Start of Stored data

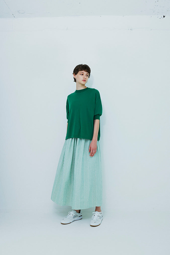夏といえば着たくなるシアサッカーで作ったボリュームたっぷりのスカート。
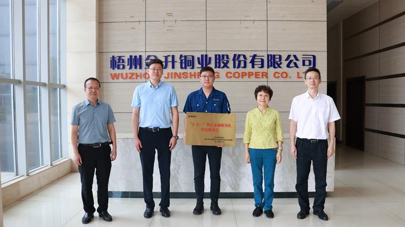 5月23日上午,桂林銀行梧州分行“匯小二”外匯金融服務隊特色服務點在梧州金升銅業股份有限公司正式掛牌。中國人民銀行廣西區分行黨委委員黃育玲、中國人民銀行梧州市分行行長李文明、梧州臨港經濟區管理委員會副主任李堅,桂林銀行梧州分行行長杜忠良等領導出席本次掛牌儀式。
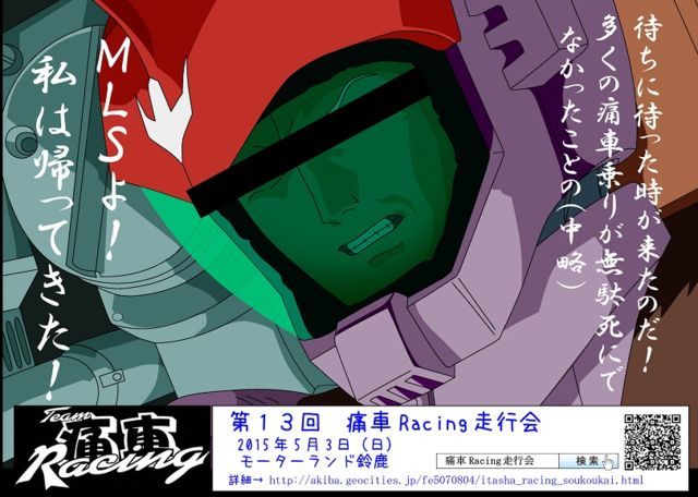 【第13回 痛車Racing走行会 in モーターランド鈴鹿 】 開催日時:2015年5月3日(日) 9:00〜17:00 場所:モーターランド鈴鹿 詳細はコチラ↓ http://akiba.geocities.jp/fe5070804/itasha_racing_soukoukai.html 今回の開催地はモーターランド鈴鹿です。 記念すべき、第1回痛車Racing走行会の開催地に帰ってきました!(>ω<) 今回も『初心者講習』と『同乗走行』を行いますので、 「初めてなの…やさしくして」 と言う方も、安心して参加ください。 もちろんしっかりしたクラス分けをしますので、ガチ勢も大歓迎です。

End of Stored data

— What is expected —
Starting with the line that contains "5月23日上午,桂林銀行梧州", reproduce every line down to the end of the listing above, both endpoints included. Pictures stay out.

— Exercise result —
 5月23日上午,桂林銀行梧州分行“匯小二”外匯金融服務隊特色服務點在梧州金升銅業股份有限公司正式掛牌。中國人民銀行廣西區分行黨委委員黃育玲、中國人民銀行梧州市分行行長李文明、梧州臨港經濟區管理委員會副主任李堅,桂林銀行梧州分行行長杜忠良等領導出席本次掛牌儀式。
 【第13回 痛車Racing走行会 in モーターランド鈴鹿 】 開催日時:2015年5月3日(日) 9:00〜17:00 場所:モーターランド鈴鹿 詳細はコチラ↓ http://akiba.geocities.jp/fe5070804/itasha_racing_soukoukai.html 今回の開催地はモーターランド鈴鹿です。 記念すべき、第1回痛車Racing走行会の開催地に帰ってきました!(>ω<) 今回も『初心者講習』と『同乗走行』を行いますので、 「初めてなの…やさしくして」 と言う方も、安心して参加ください。 もちろんしっかりしたクラス分けをしますので、ガチ勢も大歓迎です。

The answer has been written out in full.